Data items:

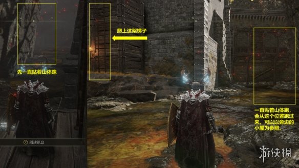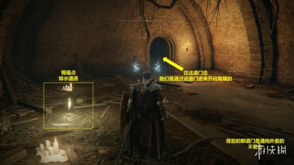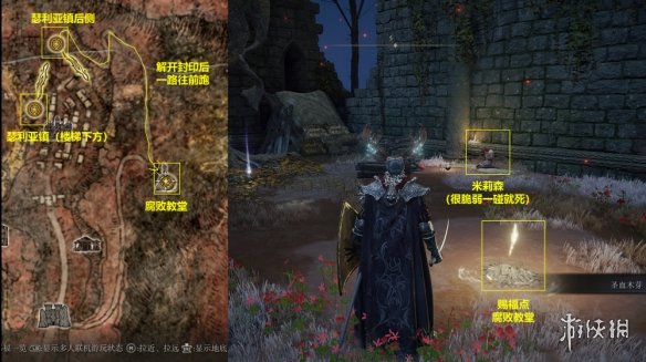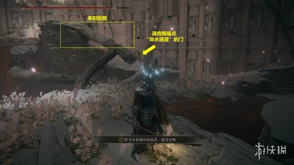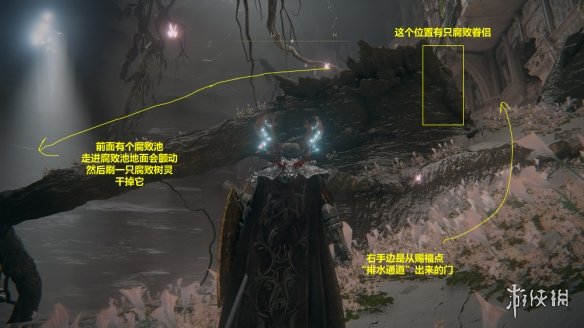 13. 繼續探索,直至找到賜福點“排水通道”。從該賜福點出發,按如圖所示的路線找到腐敗樹靈。擊敗腐敗樹靈後,可以在一旁找到米莉森的印記。接受米莉森的召喚,幫助她擊敗她的姐妹們。戰斗結束後獲得護符“腐敗劍翼徽章”。
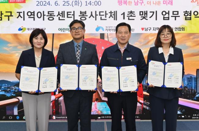[뉴스서울] 대구 남구는 지난 25일 초록우산어린이재단 대구지역본부, 지역아동센터 대구지원단, 남구지역아동센터 연합회와 함께 "남구 지역아동센터 봉사단체와 1촌 맺기" 사업 협약(MOU)을 체결했다고 밝혔다.
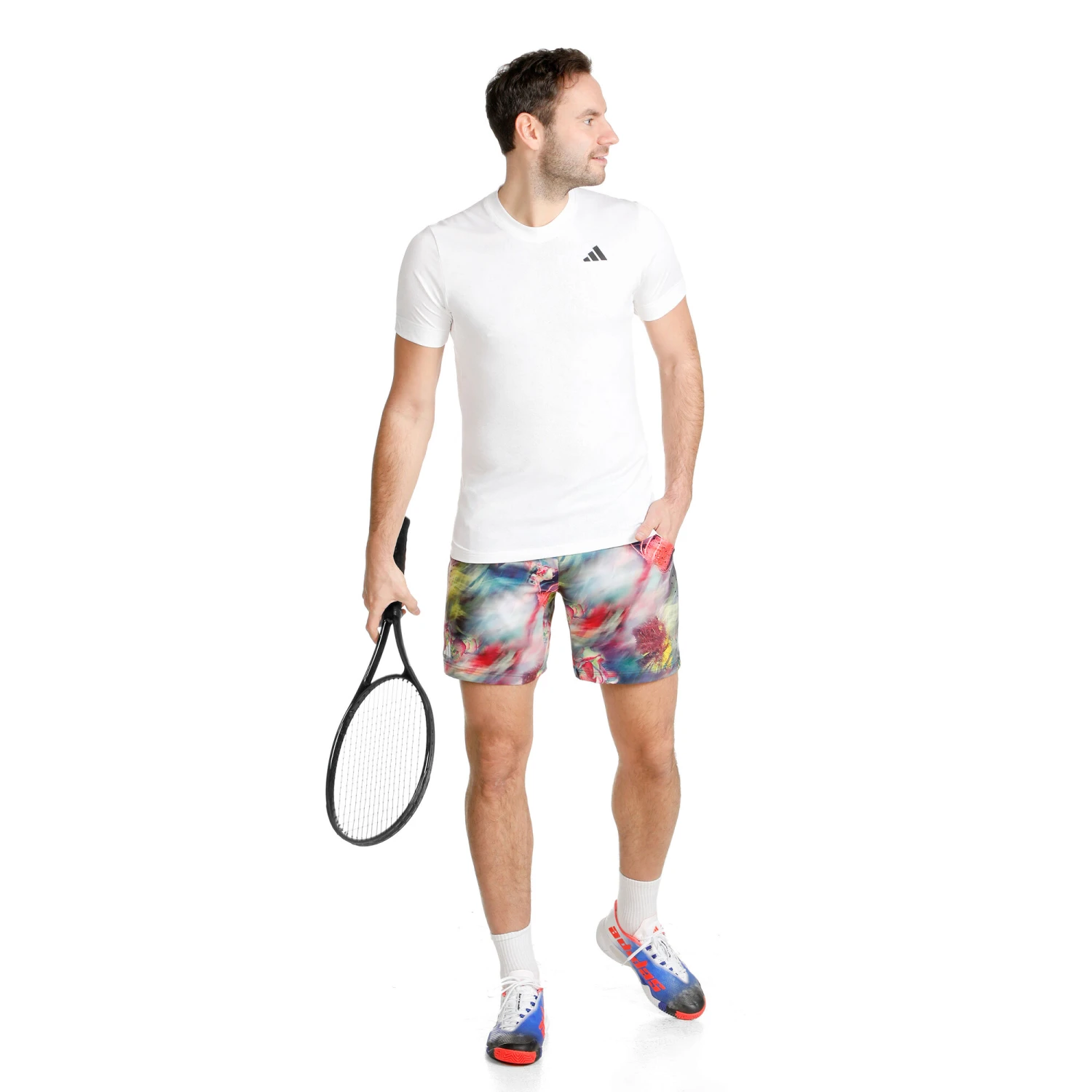 - Allover-Print, breiter Bund, Bund gerippt, Bund mit Gummizug, Bund mit Zugband, elastischer Bund, gedrucktes Logo, Seitentaschen, Zugband außenliegend
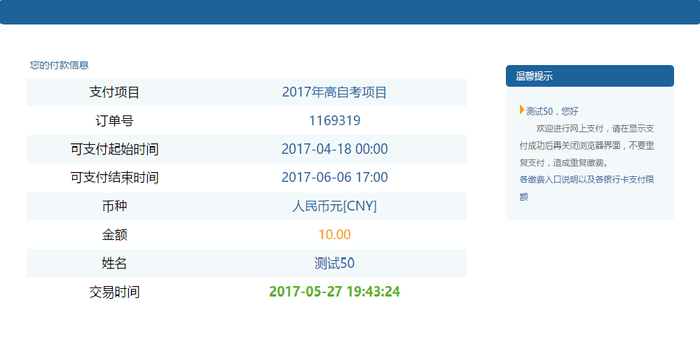 3.请在支付过程中,随时注意并记录支付平台和发卡银行给出的提示信息。
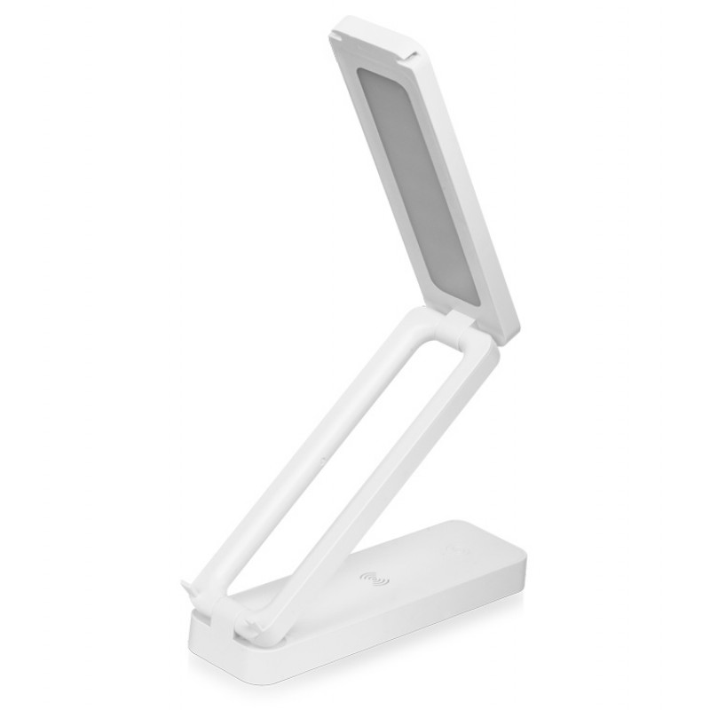 Ультра-портативная лампа на основе LED-элементов освещения с беспроводной зарядкой для устройств. Спрятанные в стойки ножки дополнительно позволяют использовать лампу в качестве подставки для телефона. Лампа оснащена сенсорным включателем - с помощью легкого нажатия можно выбирать один из трех уровней яркости. Легко складывается, принимая компактный размер. Большая зона для декорирования. Питание от USB источника. Кабель USB Type-C в комплекте.
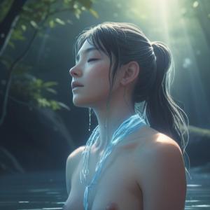 A serene scene depicting a person gently scratching their neck, surrounded by calming nature elements, soft light filtering through trees, symbolic representations of spiritual awakening, subtle hints of energy flow, a peaceful expression on their face, harmonious colors blending with nature, 4k
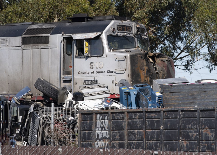 這是2022年3月10日在美國加利福尼亞州圣布魯諾拍攝的事故現(xiàn)場。美國加州圣布魯諾當(dāng)天發(fā)生通勤列車與工程車輛相撞事故,造成13人受傷。新華社發(fā)(李建國攝)
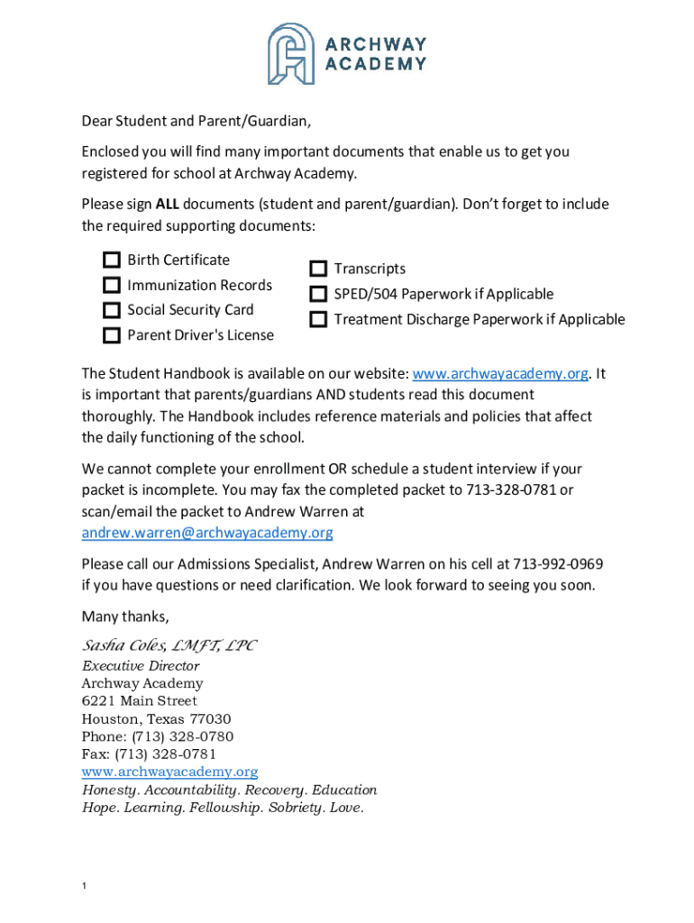 Dear Student and Parent/Guardian, Enclosed you will find many important documents that enable us to get you registered for school at Archway Academy. Please sign ALL documents (student and parent/guardian).

Your assignment: Please retype exactly the lines from the line containing "這是2022年3月10日在美" through the final line of the records above, inclusive, leaving out any pictures.

Output of the task:
 這是2022年3月10日在美國加利福尼亞州圣布魯諾拍攝的事故現(xiàn)場。美國加州圣布魯諾當(dāng)天發(fā)生通勤列車與工程車輛相撞事故,造成13人受傷。新華社發(fā)(李建國攝)
 Dear Student and Parent/Guardian, Enclosed you will find many important documents that enable us to get you registered for school at Archway Academy. Please sign ALL documents (student and parent/guardian).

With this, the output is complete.